Adam grinned at me, “That which doesn’t destroy us . . .”
“Leaves us scratching our heads and saying, ‘What’s next?'” I said.
There’s always plenty of things that can answer that “What’s next?” question in the land of Mercy Thompson — but Storm Cursed seems to have extra nexts in it. Briggs is such an excellent series writer — there’s always a great mix of classic favorites (Zee, Uncle Mike, Mary Jo and Ben) and the new (Goblin King, the events of Silence Fallen, the baddies of this book) — like a favorite band touring in support of their new album that no one’s heard yet, she sprinkles in enough of the familiar with the new that you can enjoy the songs you can sing along with and appreciate the new for what they bring to the table.
We start off with the typical mini-adventure featuring Mary Jo, Ben and Mercy — with a little bit of Larry mixed in. There’s a goblin on the run from law enforcement after causing some mayhem in California who thought the Tri-Cities would be a safe place to lay low. Boy, was he wrong. This goblin accomplishes a lot of other things, though. He brings Mercy and the pack into a new part of the area and the law enforcement there, for starters.
This sets things up perfectly for Mercy and Mary Jo to come to the aid of said law enforcement when it comes to a very strange supernatural outbreak. Miniature zombie goats. ’nuff said.
Zombie goats — no matter their size (as important as it is to Mercy and Stefan) don’t just show up one day. They’re the product of witchcraft, and with Elizaveta still in Europe following Silence Fallen the Ti-Cities is ripe for new witches to move in and usurp her. I’m not going to tell you if they’re successful or not, but they sure make things interesting for the defenders of the area like Mercy and Adam. This also gives Sherwood Post, the mysterious wolf sent by the Marrock to be a part of this pack after something happened that he can’t talk about/remember involving witches. He apparently picked up a thing or two, and gets the chance to demonstrate that.
I’ve liked Sherwood since he showed up the first time, and now I’m super-intrigued by him.
There’s a big, summit-like meeting between representatives of the U.S. and the Fae leadership in the making — and the Pack has a lot to do with making sure it happens without a hitch. Naturally, for reasons that are unclear (at first), the new witches in town are working to disrupt it for their own ends. Because there’s not enough going on without that — an excess of nexts, really.

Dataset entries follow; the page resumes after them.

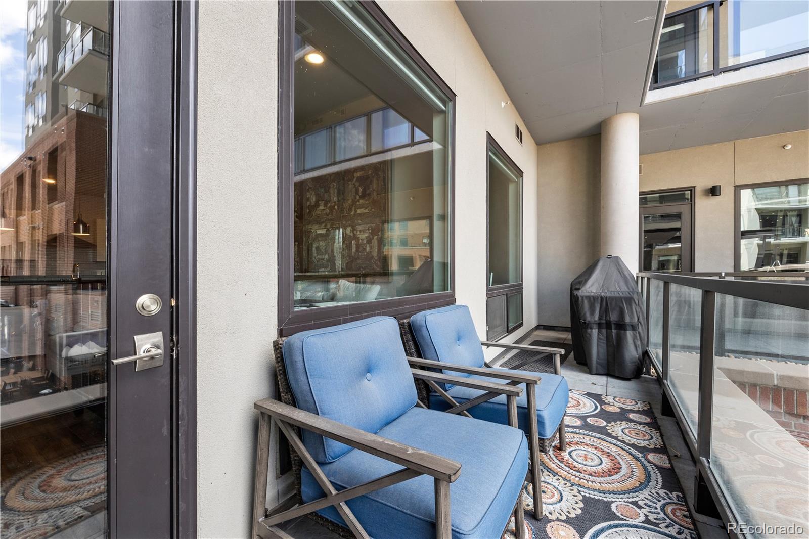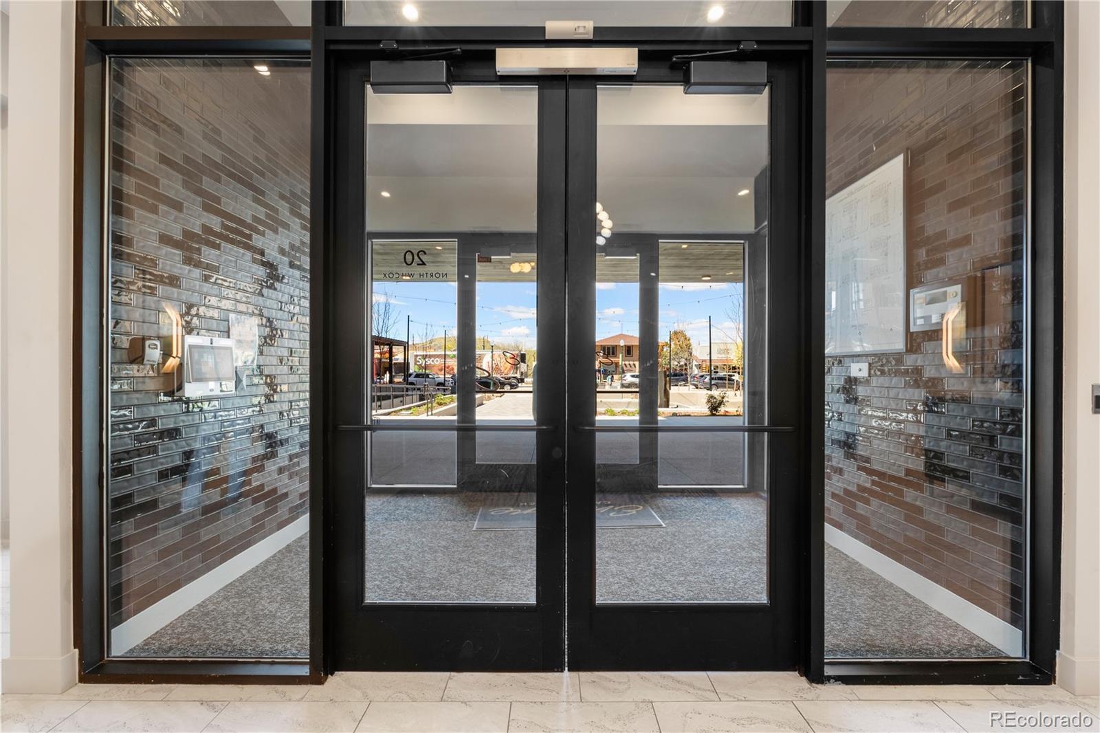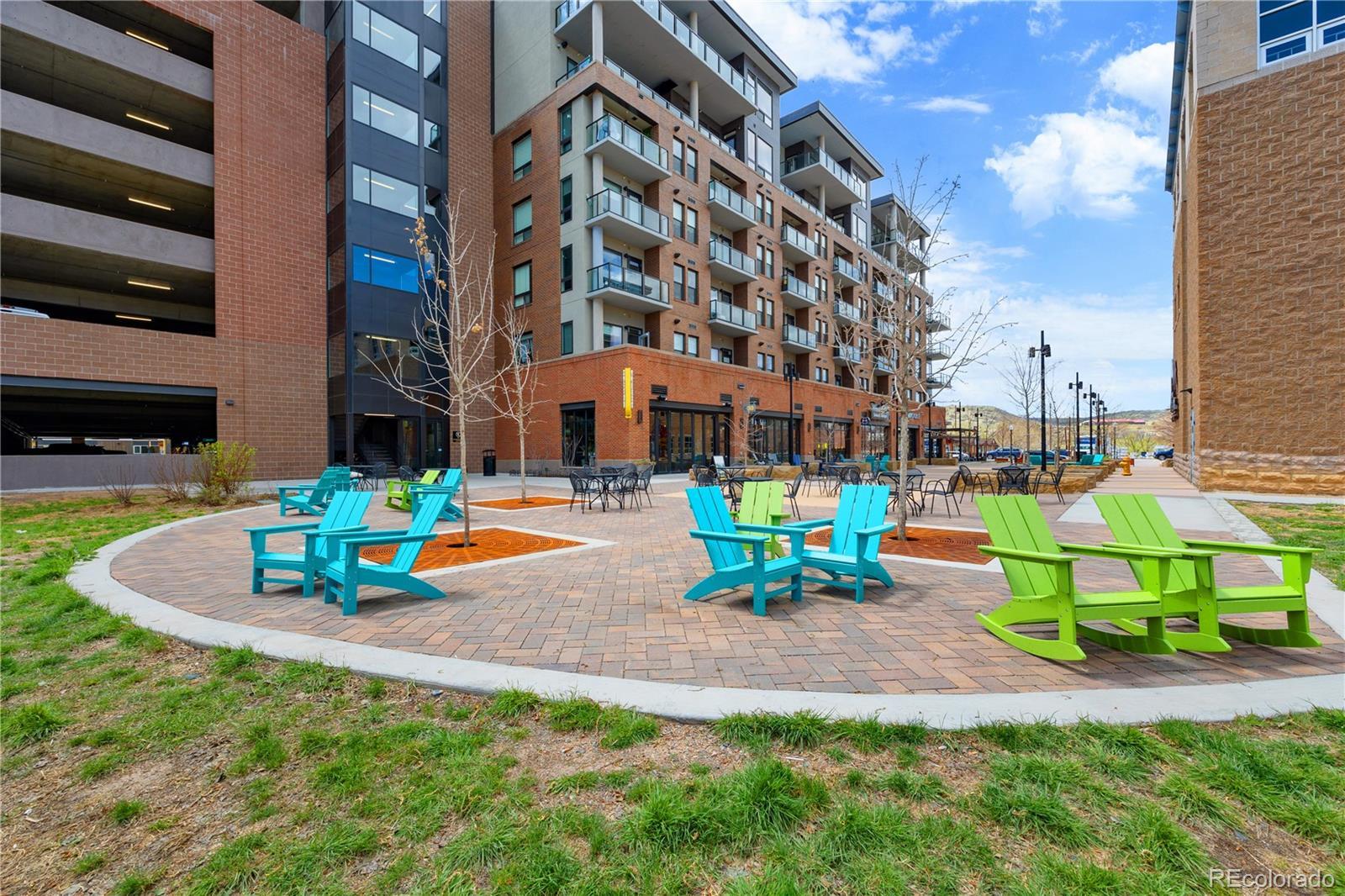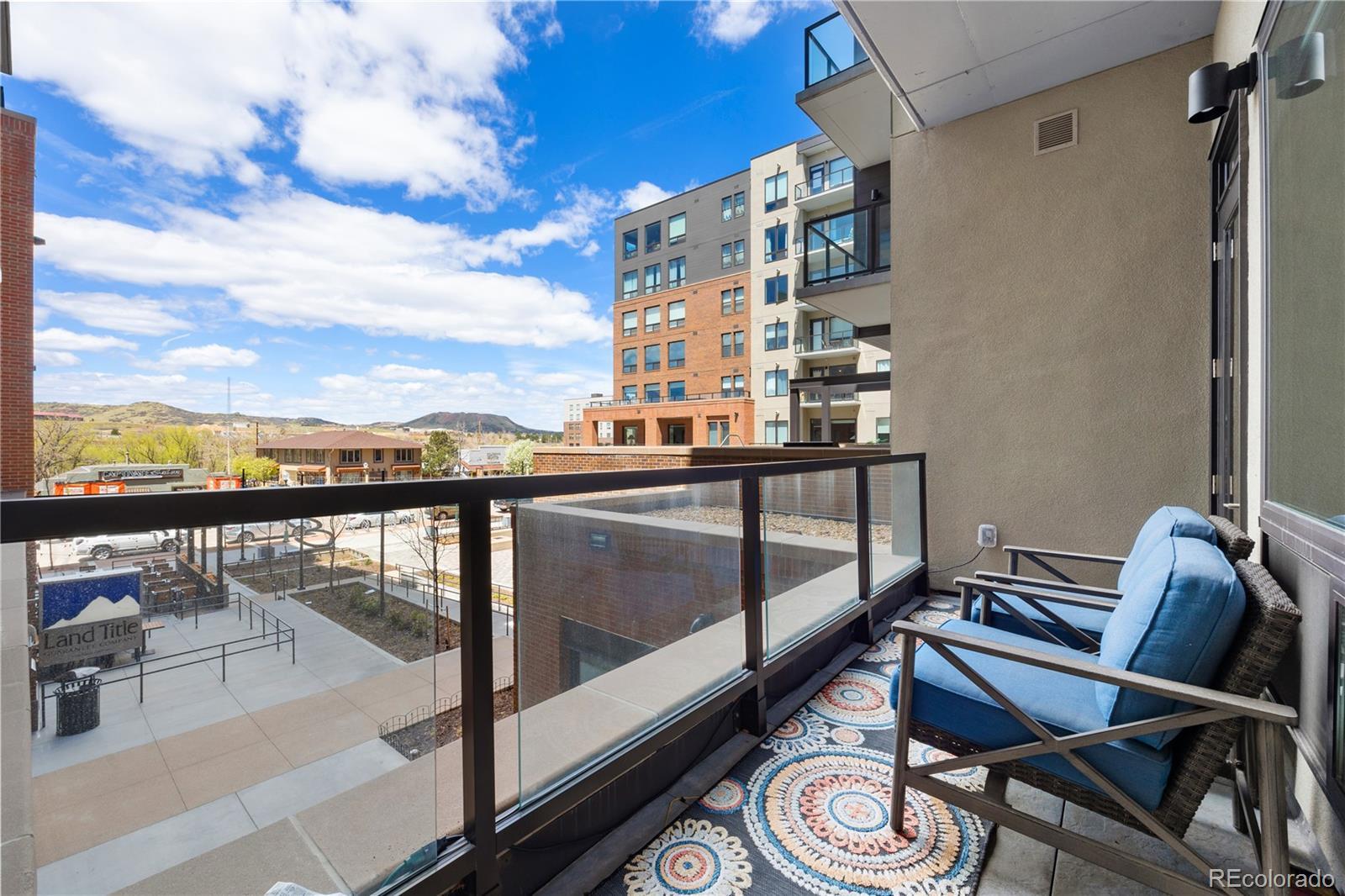 ** PRICED BELOW VALUE WITH HIGHLY MOTIVATED SELLER ** Imagine being steps to restaurants, shops, cafes, salons, and Festival Park -- where there are weekly events such as Farmer's Markets, Art Shows, and live music. A true downtown lifestyle in the highly-desirable Encore building, right in the heart of downtown Castle Rock. The newly-built condo building features a contemporary and sophisticated design and offers amazing amenities that cater to everyone. This 2nd floor unit has an ideal, west-facing direction overlooking the courtyard with scenic, hilltop views. Stylishly designed and beautifully updated with upgrades, the condo features premium, Hunter Douglas electronic blinds, Google smart home technology, newly installed laundry room storage, and includes two deeded parking spaces. The open floorplan has coveted 10-foot ceilings and is oriented around generously-sized windows with views. The stunning kitchen showcases slab quartz countertops, stainless-steel KitchenAid appliances, and a large center island with seating, plus the adjacent dining area is large enough for entertaining. The spacious primary bedroom features an ensuite luxury bathroom, equipped with frameless glass shower, quartz countertops, and double vanity. Living at the Encore is truly a lifestyle. The amenities include a well-equipped fitness center, clubhouse with kitchen and pool table, 25-person jacuzzi, lounge with golf simulator, dog park, pet spa, outdoor lounging areas with fire pits and grills, and sleek common areas for working or relaxing. Onsite security and key fob entry keeps the building safe and secure and the units have smart, keypad locks for easy access, and two deeded parking spaces come with the unit. The location offers an easy commute to Denver, DTC, or Colorado Springs and there’s so much to do right at your fingertips. This is the best of luxury and low-maintenance living. Don’t miss this opportunity!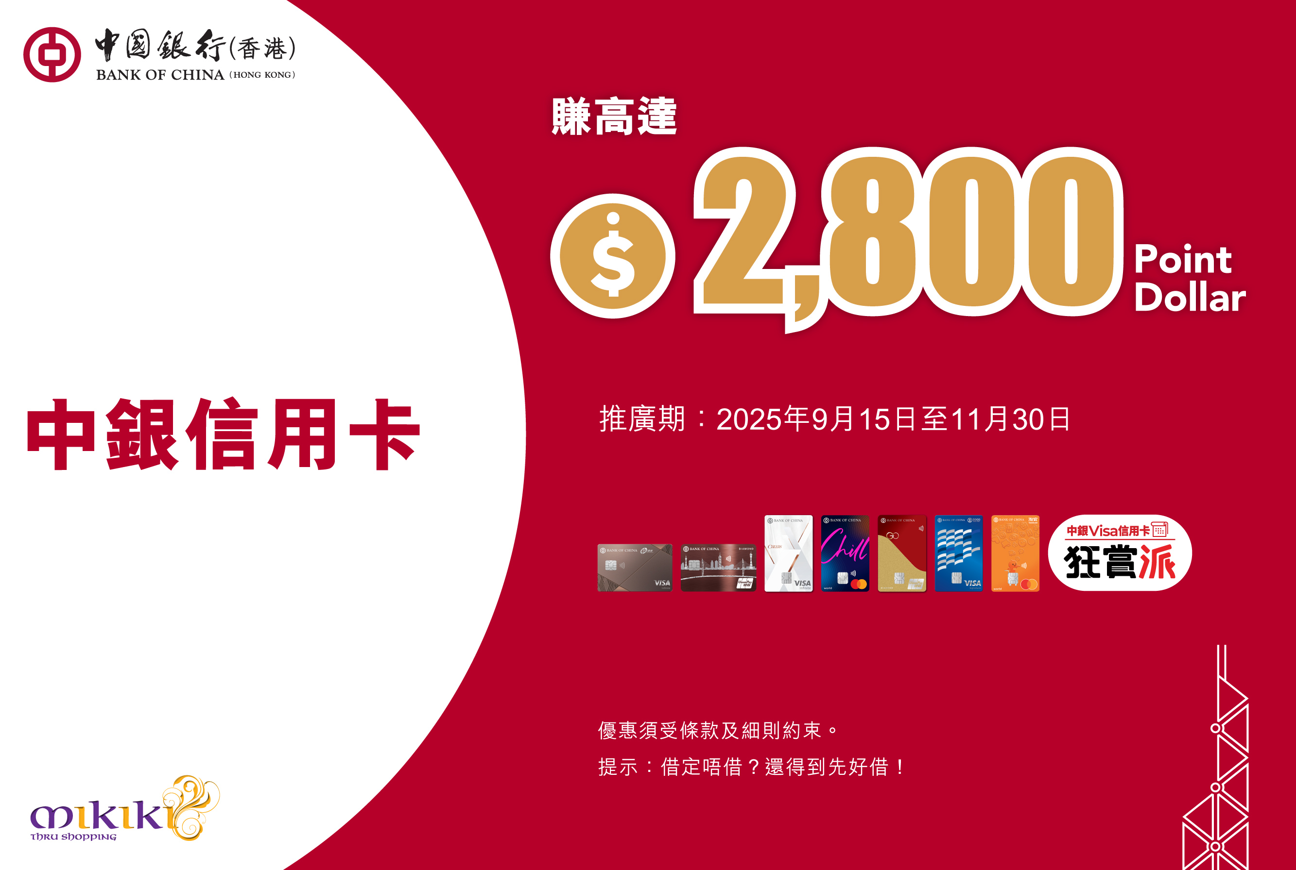 中银信用卡 ● 赚高达$2,800 Point Dollar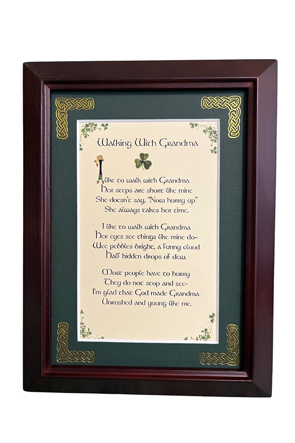 Features - Our blessings are printed on an ivory card, and are presented in a forest green matting with gold Celtic knots, embossed on the corners. Set behind glass and displayed in an elegant dark walnut frame of Italian design. The backing has a hanger and an attached easel to allow for both wall and tabletop display. Each frame comes individually boxed in a bubble wrap sleeve.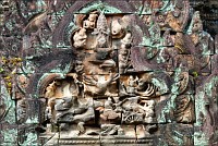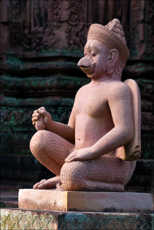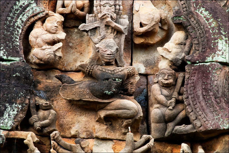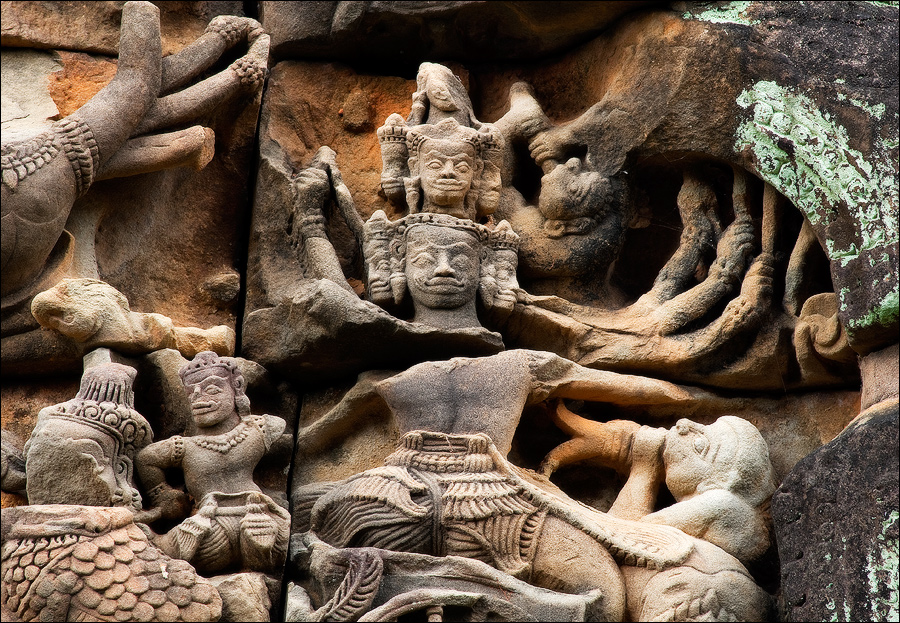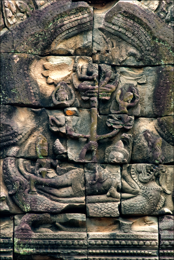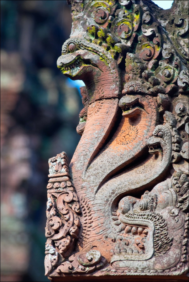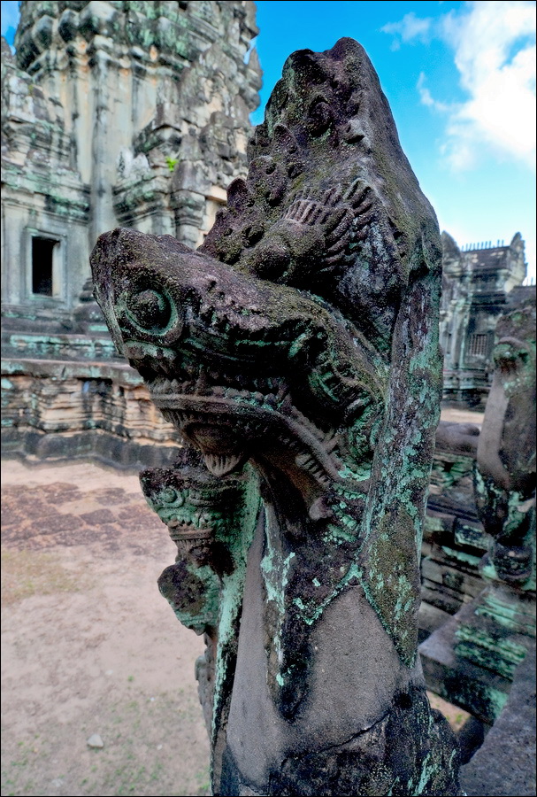 ...Юной женщиной в богатом пеньюаре, в предвкушении самого главного бала в своей жизни наносящей “боевую раскраску” перед зеркалом. И, чтоб непременно в пеньюаре тёмно-розовом. И чтобы рюшечек-оборочек-складочек на нём всяких видимо-невидимо, с шеи до пят. А выше - причёска такая, что просто закачаешься. Её медные кудри волнами завитков стекают по плечам и всё вниз, вниз, до самого-самого паркетного пола из красного дуба, покрытого вишнёво-кофейным персидским ковром ручной работы, по которому в свою очередь, расползаются цветочки, завиточки, да ещё и пушистые кисточки по краям... Боги и демоны, люди и звери, великие сражения и непреходящая любовь - всё смешано в противостоянии зубила с камнем. Я одних только Нагов, каждый божий уголок строения украшающих, считать утомился. А ведь у каждого из Нагов по семь голов, а у каждой головы по два длинных ряда острейших зубов... О, кстати, отвлекусь на Нагов. Насколько я понял пространные объяснения Чена в Beung Mealea, в Нагах вершится тайная великая битва сил буддизма с индуизмом. Влияние востока (то есть Японии и Китая...) и запада (Индии сотоварищей…) в Камбодже находились в состоянии некоторого условного географического равновесия. И это, конечно же, не могло не отразиться на Нагах.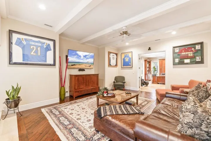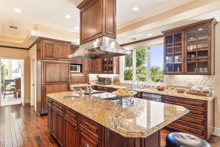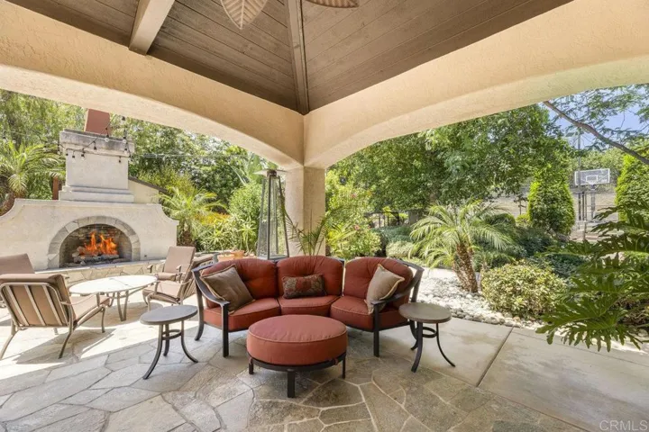 Welcome to your own 1.32 acre resort with large pool plus beach entry, hot tub, sport court, large koi pond, 40 electric solar panels, pool heating solar, garden, fruit trees, sunset views, and plenty of parking. The 2-story home has had many upgrades throughout. The spacious floorplan has a 20+ foot ceiling in the living room directly in front of the entry, a first floor bedroom suite with full bath, and dining room. The kitchen boasts a Wolf gas cooktop in the center island with hood and sink, a large sink facing the window overlooking the koi pond, separate Subzero refrigerator and freezer, dishwasher, double ovens, 2 hidden double trash drawers, warming drawer, bread baskets to keep bread fresh, a huge walk-in pantry, microwave, and a roll-up hideout for counter appliances. The large breakfast nook leads to the family room with large screen wall-mounted TV. Further past is the gorgeous office edition with beam ceilings and beautiful built-in cabinets. The 4 car garage has ample cabinet and ceiling storage. The elegant stairway to the second floor was remodeled in 2007. There is the primary suite with windows looking out toward the west to northwest to see magnificent sunsets. A large bathroom with steam shower and large tub with views is on the other side of the classy 3-sided fireplace.

Speaking of excess — Coyote is lurking in the background of many of these events and he’s determined to keep Mercy in the middle of things, for his own reasons. If he’d just been up front with her, I think she’d have been on-board without hesitation (and certainly seems glad to have helped once she figures out his play). Instead, he manipulates her into doing what he wants — which is bad for the character, good for the reader, because he’s so much fun to read, especially when it comes at Mercy’s expense.
No matter what happens in a Mercy Thompson book — they’re filled with fun, and it’s easy to fool yourself into only remembering the fun parts and pushing the darkness and trauma aside in your memory until the next book comes along and reminds you just how messed up things can get for Mercy and the rest. This book is no exception — but in may ways the evil they confront this time is a special kind of Evil that requires at least one capital when you talk about it. What happens throughout this book, what’s uncovered here — especially the last few chapters — is probably the most inherently disturbing that Briggs has given us yet. I wondered at more than one point, if even Atticus O’Sullivan could hate witches as much as Mercy does (for good reason!). I decided the two would probably end up in a tie, but that Mercy has more recent evidence for her prejudice.
There’s something that happens in the climactic battle scene that I want to talk about more than I want to talk about anything else in this book — because in the long run it’s going to be bigger and more important than anything else that happens or I’ll eat my hat. It’s so small, so quick that it’d be easy to miss — 2 sentences on one page, then twelve pages later 2 more sentences. And Briggs has at least one novel’s worth of plot seeded right there. I love when I see an author do something like that and make it look effortless. And I think I’m underselling it. But I’ll have to leave it there — maybe in book 12 (or 15) when it happens, I’ll remember to say, “Remember that thing I didn’t talk about in Storm Cursed? This is it.”
Overall, this is another very solid entry in an incredibly reliable series, and I’m already excited to see what happens in book 12. Still, I get the feeling that Briggs is holding back a lot lately — here more than usual. Maybe it’s to keep the tone light, maybe it’s to keep the page count in check. Maybe it’s just me. But it seems to me that the last few books could’ve easily been deeper, darker, and more exciting, if Briggs would just allow that to happen — like she’s pulling her punches. As much as I love these characters, this world and Briggs’ writing, I just can’t get as excited about them as I want to. This is a great read — please don’t misunderstand me — but it could be better, it feels like it’d be easy for her to make it better. So I’ve got to stick with 4 stars — which feels like I’m pulling my punches, too.